The viscosity of nanosized colloid silica suspensions, used as binders in the investment casting, was determined as a function of their weight fraction reaching 52%. A new capillary viscometer was used whose construction eliminated sedimentation effects. The experiments have been carried out at fixed pH 10.0 and controlled ionic strength. It was found that for a low silica concentration range (weight fraction below 5%) the suspension viscosity increased more rapidly than the Einstein theory predicts. This anomalous behavior could not be explained in terms of the primary electroviscous effect predicted to be a few orders of magnitude smaller as observed. This discrepancy was accounted for by postulating a fuzzy, gel-like structure of colloid silicas used in our experiments. Hence, the apparent hydrodynamic radius of silica particles in aqueous suspensions was found to be larger than the primary particle size in accordance with previous observations. Based on this postulate, an apparent density of the silica sols was found to be 1.32–1.37 g/cm 3 instead of 2.2–2.32 g/cm 3 as determined from the suspension dilution method.
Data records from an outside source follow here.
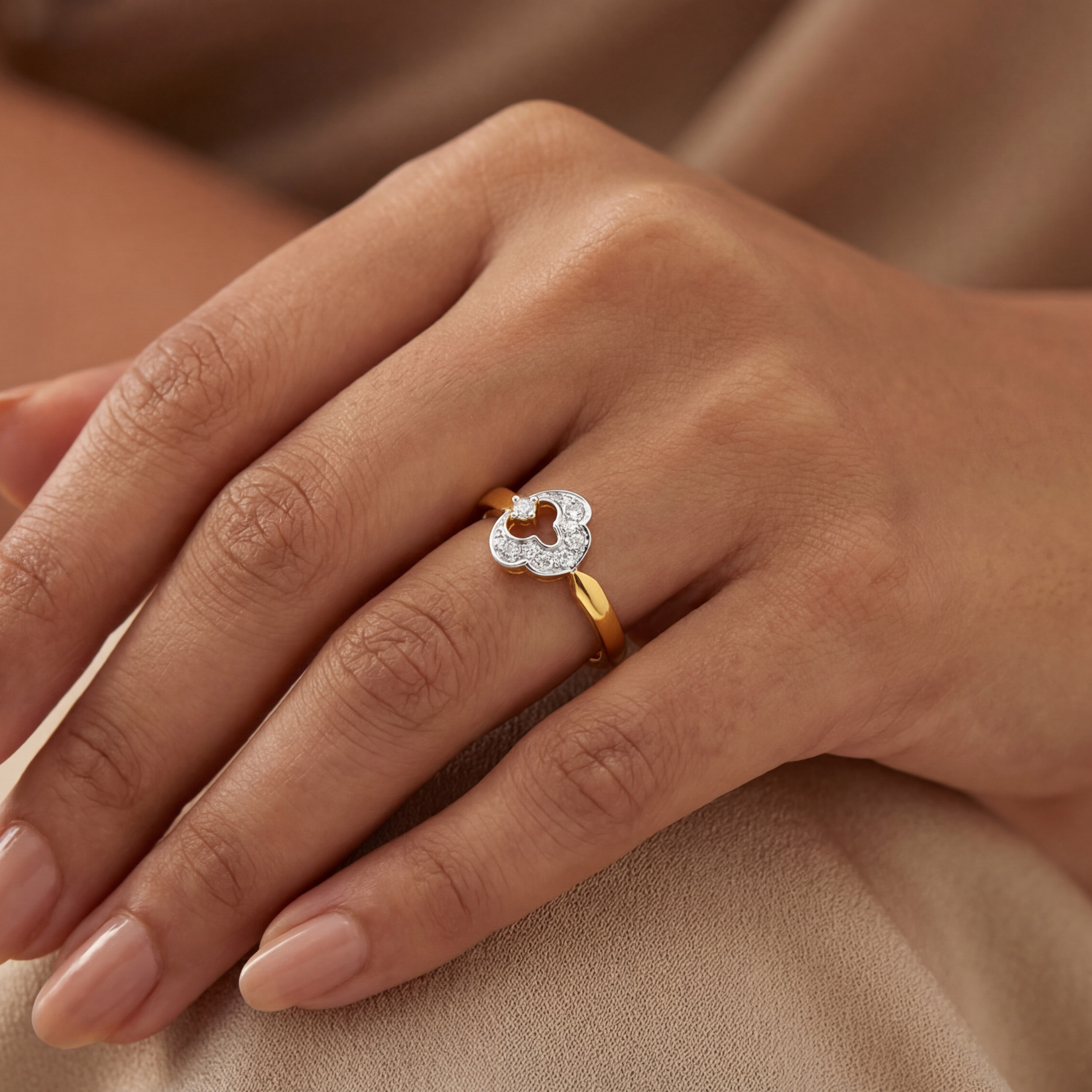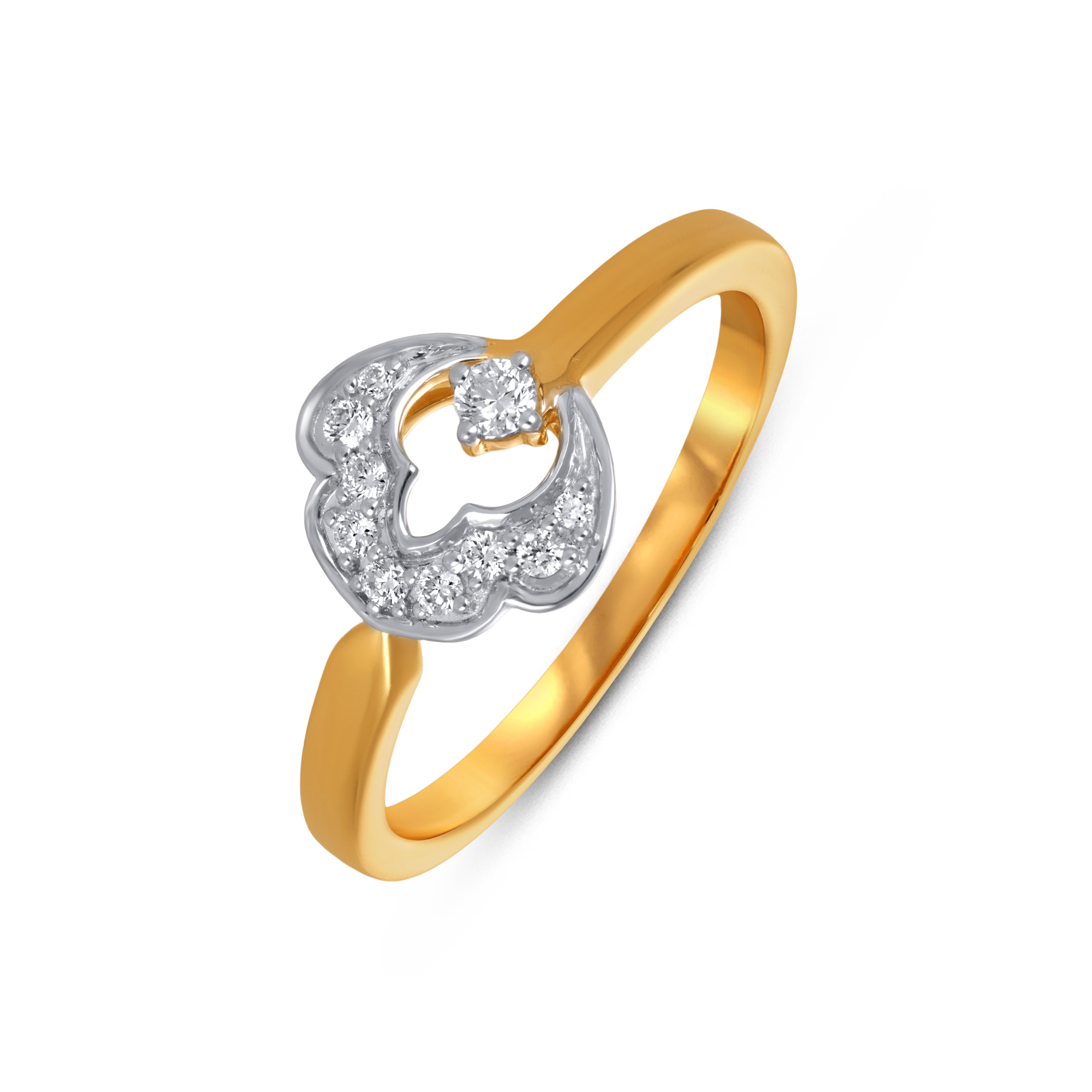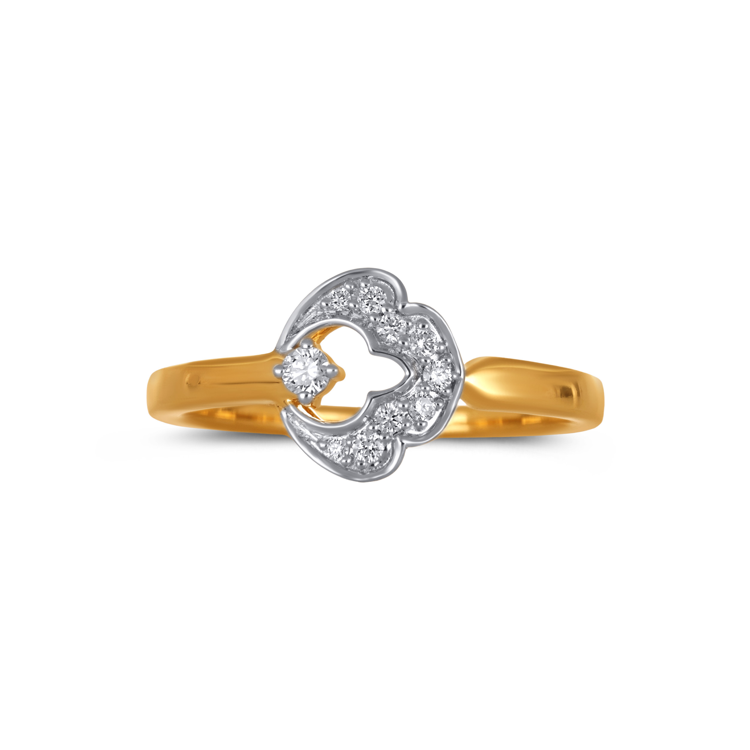 Shaped with elegant curves and an open silhouette, this two-tone diamond ring reflects classic design sensibilities in warm gold. Delicate sparkling accents lend a quiet glow, making it ideal to slip into your everyday wear effortlessly.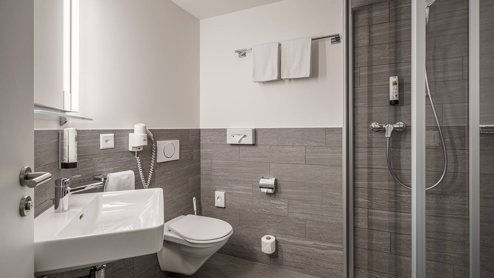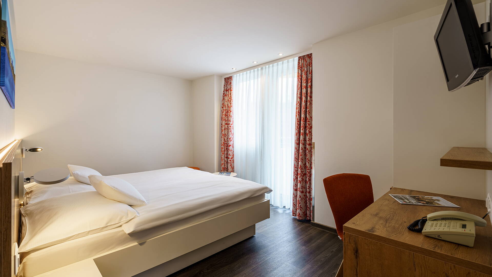 Alle Zimmer haben ihr eigenes Badezimmer mit Bad/Dusche/WC, verfügen über Telefon, Digital-TV, Safe, W-LAN und Kühlschrank. Die neu umgebauten Zimmer entsprechen höchsten 3-Stern Hotel Ansprüchen.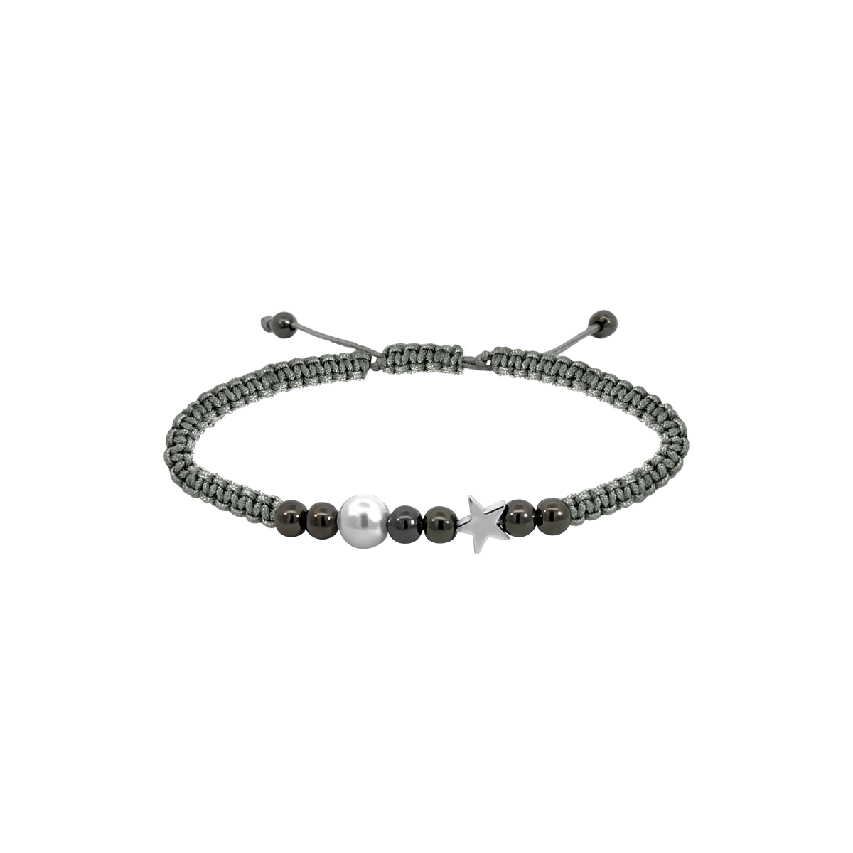 Makramee Armband mit Hämatit Stern und Onyx aus 925er Silber Schmucktrend
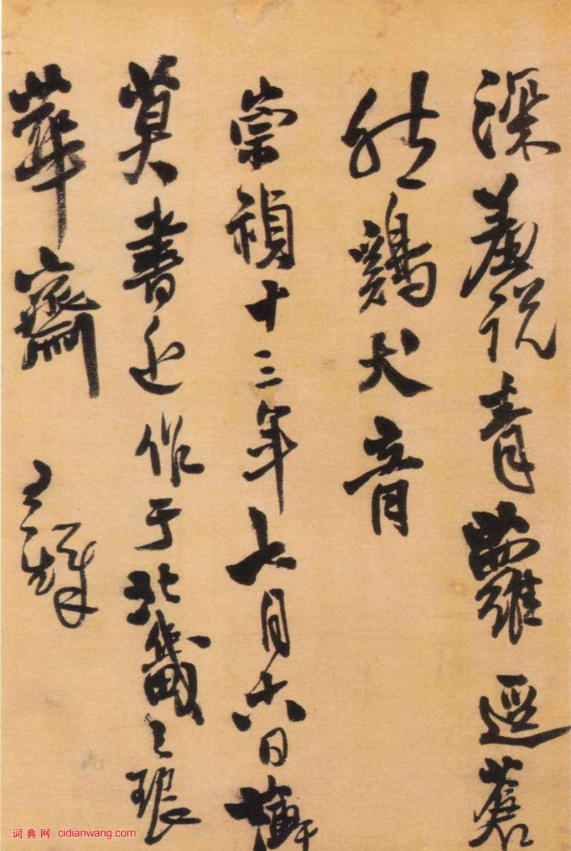 資源下載魏晉書法唐朝書法宋朝書法元朝書法明朝書法清朝書法近現代書法字典網>> 歷代書法>> 清朝>> 王鐸行書《七月寫懷五律詩》卷(4)正文 王鐸行書《七月寫懷五律詩》卷(4)作者:王鐸 書體:行書 首 頁 上一頁 1 2 3 4王鐸的相關書法作品:王鐸行書《杜甫戲呈楊四員外綰詩軸》 王鐸草書《臨王獻之省前書帖軸》 王鐸·跋米芾《行書三札卷》 王鐸《行書嵩縣詩軸》 王鐸《行草詩稿墨跡十二頁》 王鐸草書《赤箭帖》 王鐸草書《臨王獻之省前書帖軸》之二 王鐸行草《臨閣帖》卷 王鐸楷書《一覺庵銘》 相關文章:東漢隸書《尚府君殘碑》 (隸書)《尚府君殘碑》拓片即《尚博碑》,全稱《漢甘陵相尚府君碑》,又稱《甘陵相碑》。隸書...傅堯俞·蒸燠帖 (行楷)傅堯俞《蒸燠帖》,紙本,行楷書,縱26.3厘米,橫17.3厘米。《蒸燠帖》是傅堯...王鐸·跋米芾《行書三札卷》 (行書)王鐸跋米芾《行書三札卷》,故宮博物院藏,為王鐸關於觀賞此卷與友人的通信一封。米芾行書《天馬賦》 (行書)在米芾傳世的作品中,《天馬賦》被康熙譽為“前無古人”,該作品淋漓痛快,雋雅奇變,...陳師曾《楷書臨王饒安碑軸》 (楷書)陳師曾《楷書臨王饒安碑軸》 134×34cm 紙本 上海博物館藏釋...沈尹默行書《歐陽修寶劍詩軸》 (行書)沈尹默《行書歐陽修寶劍詩軸》紙本行書【資料來源】《海派代表書家系列作品集——沈尹...東漢隸書《陽嘉殘碑》 (隸書)陽嘉殘碑,東漢陽嘉二年刻,清光緒元年出土於曲阜,碑陽存10行,碑陰存3列。用筆精...蘇軾行書《渡海帖》 (行書)蘇軾《渡海帖》,行書,元豐三年(1100),紙本,28.6X40.2 cm 台北...唐寅行書題《事茗圖卷》 (行書)唐寅 《事茗圖》卷,明,唐寅作,紙本,設色,縱31.1cm,橫105.8cm。 ...惲壽平·跋錢榖《桃花源圖》 (行書)惲壽平跋錢榖《桃花源圖》卷,縱37cm。美國克利夫蘭美術館藏。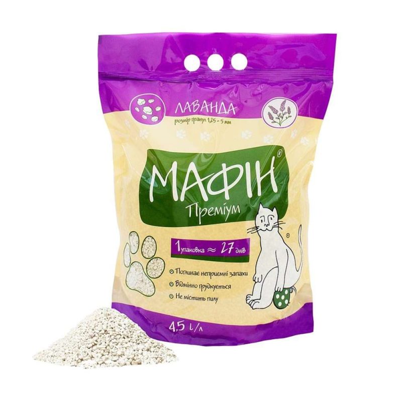 Бентонитовый наполнитель для кошачьего туалета Мафин Премиум с ароматом лаванды 4.5 л — надёжная чистота и свежесть для вашего питомца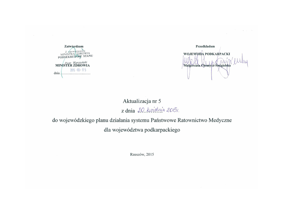 Spis treści ROZDZIAŁ I 1. CHARAKTERYSTYKA POTENCJALNYCH ZAGROŻEŃ DLA ŻYCIA I ZDROWIA LUDZI 1.5. Liczba wyjazdów zespołów ratownictwa medycznego ………………..………………………………………………………..…… 4 TABELA 1 –Wyjazdy zespołów ratownictwa medycznego w roku 2014 TABELA 2- Wyjazdy zespołów ratownictwa medycznego w roku 2014 1.6. Liczba wylotów lotniczego zespołu ratownictwa medycznego …...…………………...……………………………….………......... 14 TABELA 3 - Wyloty lotniczych zespołów ratownictwa medycznego w roku 2014 TABELA 4 - Wyloty lotniczych zespołów ratownictwa medycznego w roku 2014 1.7. Hospitalizacja osób w stanach nagłego zagrożenia zdrowotnego ……………………………………………………….………........ 16 TABELA 5 – Liczba przyjęć pacjentów w szpitalnym oddziale ratunkowym w roku 2014 TABELA 6 – Liczba przyjęć pacjentów w izbie przyjęć w roku 2014 ROZDZIAŁ II INFORMACJE O LICZBIE I ROZMIESZCZENIU NA OBSZARZE WOJEWÓDZTWA JEDNOSTEK SYSTEMU, CENTRUM URAZOWEGO JEDNOSTEK ORGANIZACYJNYCH SZPITALI WYSPECJALIZOWANYCH W ZAKRESIE UDZIELANIA ŚWIADCZEŃ ZDROWOTNYCH NIEZBĘDNYCH DLA RATOWNICTWA MEDYCZNEGO 2.1. Zespoły ratownictwa medycznego …………………………………………………………………………………............................ TABELA 7 - rejony operacyjne i miejsca stacjonowania zespołów ratownictwa medycznego- stan na 31 grudnia 2014r. 23 TABELA 8 - zespoły ratownictwa medycznego włączone do systemu Państwowe Ratownictwo Medyczne - stan na 31 grudnia 2014r. TABELA 9– dodatkowe zespoły ratownictwa medycznego – stan na dzień 31.12. 2014r. 2.2. Szpitalne oddziały ratunkowe ……………………………………………………………………………………………………..…. 40 TABELA 10 – Szpitalne oddziały ratunkowe – stan na dzień 31.12.2014 r. Strona 2 z 58 2.3. Centrum urazowe ………………………………………………………………………………………………………………..…… 43 TABELA 11 – centrum urazowe – za rok 2014 2.4. Jednostki organizacyjne szpitali wyspecjalizowane w zakresie udzielania świadczeń zdrowotnych niezbędnych dla ratownictwa medycznego ………………………………………………………………………………………………………………………....… 44 TABELA 12 –jednostki organizacyjne szpitala wyspecjalizowane w zakresie udzielania świadczeń zdrowotnych niezbędnych dla ratownictwa medycznego stan na dzień 31.12.2014 r. 2.11. Informacja na temat personelu pracującego w jednostkach systemu …………………………………………………..………...…. 55 TABELA 14 – Personel zatrudniony w jednostkach systemu (SOR – szpitalne oddziały Ratunkowe, ZRM – zespoły ratownictwa medycznego) - stan na dzień 31.12.2014r. Strona 3 z 58 1.5. Liczba wyjazdów zespołów ratownictwa medycznego TABELA 1 – Wyjazdy zespołów ratownictwa medycznego w roku 2014 1. 2. bieszczadzki 4b 4d 4e 0-18 lat >18 lat 4c 1S Ustrzyki Dolne 29 484 1 UA 3 15 0 0 2 0 1P Ustrzyki Dolne 80 1 111 3 UA,2AF, 1GB,1EE 48 212 1 42 90 1P Lutowiska 17 390 2UA, 1D 10 88 1 9 1P Ustrzyki Górne SEZONOWA 6 66 0 3 19 0 RAZEM 132 2 051 11 64 334 1S Brzozów 86 1 015 3 UA, 1 I 49 1P Brzozów 146 2 556 0 1P Nozdrzec 2 96 234 3 667 0-18 lat >18 lat 5a 4f 5b 0-18 lat >18 lat 5c 6a 0-18 lat 6b 7 Liczba pacjentów przewiezionych przez zespół ratownictwa medycznego do szpitala 4a cudzoziemcy (kraj pochodzenia) Liczba, rodzaj oraz miejsce stacjonowania zespołów ratownictwa medycznego Wyjazdy zespołów ratownictwa medycznego 4 5 6 wyjazdy do stanu nagłego zagrożenia zdrowotnego zgony przed podjęciem wyjazdy niezwiązane ze w tym : albo trakcie wykonywania stanem nagłego medycznych czynności zagrożenia zdrowotnego ratunkowych pacjenci obywatele urazowi Rzeczypospolitej obywatele obywatele obywatele Polskiej Rzeczypospolitej Rzeczypospolitej Rzeczypospolite Polskiej Polskiej j Polskiej cudzoziemcy (kraj pochodzenia) Powiat 3 cudzoziemcy (kraj pochodzenia) Lp 2 cudzoziemcy (kraj pochodzenia) 1 >18 lat 6c 1 27 2 UA 308 1 UA 0 2 0 912 15 0 0 4 1 UA 298 4 3 0 0 0 0 51 2 55 110 1 1 33 3 1 569 313 3 UA 0 0 0 0 46 0 628 18 108 0 0 0 0 0 17 0 596 0 4 35 0 0 0 0 0 8 0 50 4 71 456 3 0 0 0 0 71 0 1 274 brzozowski RAZEM Strona 4 z 58 3. 4. 5 6 2S Dębica 184 2 485 0 19 138 0 0 0 0 1 121 0 1 838 2P Dębica 181 3 395 1UA 110 778 1 UA 0 0 0 0 2 0 2 761 1P Strzegocice 87 1 094 2 UA 31 145 0 0 0 0 0 11 0 1 012 RAZEM 452 6 974 3 160 1 061 1 0 0 0 1 134 0 5 611 1S Jasło 91 989 0 28 143 0 3 30 0 0 118 0 908 1S Nowy Żmigród 47 924 0 12 98 0 1 29 0 1 23 0 801 1P Jasło 103 2 222 0 39 302 0 4 68 0 0 4 0 2 145 1P Jasło 111 2 168 0 34 301 0 3 67 0 0 7 0 2 107 RAZEM 352 6 303 0 113 844 0 11 194 0 1 152 0 5 961 1S Jarosław 99 1 764 5 UA, 1 I 37 202 0 27 285 1 UA 0 87 0 1 582 1P Jaroslaw 146 2 640 4 UA 32 505 0 35 695 1 UA 0 23 0 2 609 1S Radymno 73 1 372 7 UA 46 225 8 UA 14 78 2 UA 0 42 0 1 022 1P Pruchnik 55 1 284 1 UA 24 194 0 6 237 0 0 28 0 1 193 RAZEM 373 7 060 18 139 1 126 8 82 1 295 4 0 180 0 6 406 1S Kolbuszowa 59 956 13 ( 2 F, 6I, 1USA,4D) 20 263 7 (1F, 2 I, 4D) 46 32 0 0 82 0 892 1P Kolbuszowa 66 1 381 14 (1F ,7I, 4I, 2RO) 27 389 7 (3I, 2D, 2RO) 22 64 0 0 0 0 1 246 RAZEM 125 2 337 27 47 652 14 68 96 0 0 82 0 2 138 dębicki jasielski jarosławski kolbuszowski Strona 5 z 58 7 8 9 10 M. Krosno krośnieński leżajski lubaczowski leski 1S Krosno 1 472 2SK 1 SK 0 0 0 0 0 1S M. Piastowe 1 057 2RO 2 RO 0 0 0 0 0 1P Krosno 2 899 0 0 0 0 0 0 0 2 710 0 0 0 0 0 0 0 1P Dukla 1 530 1RO, 1UA 1 RO, 1 UA 0 0 0 0 0 1P Jedlicze 1 820 0 0 0 0 0 0 0 1P Rymanów 1 596 0 0 0 0 0 0 0 6 18 (5 GB, 4 SE, 1CH, 2 B, 2F, 2D, 1 I, 1 IE) 294 1 525 5 0 0 0 207 0 0 8 893 72 561 5 (1 CH, 2 F, 1 B, 1 GB) 0 0 0 0 166 0 3 158 1P Krosno 585 294 1 525 207 8 893 RAZEM 585 12 499 1S L

This behavior was interpreted in terms of the core/shell model with high shell porosity, reaching 85%. Similarly, for higher concentration ranges, silica viscosity increased more rapidly with increased sol concentration than predicted by the Batchelor model derived for hard particles. The deviation was attributed to the secondary electroviscous effect stemming from the electrostatic interactions among silica particles in sheared suspensions. This effect has quantitatively been interpreted in terms of Russel's theory. On the other hand, for the high concentration range the experimental results were well accounted for by the Dougherty–Krieger model. By exploiting our experimental findings a sensitive method of determining the structure and apparent density of silica sols in aqueous media was proposed.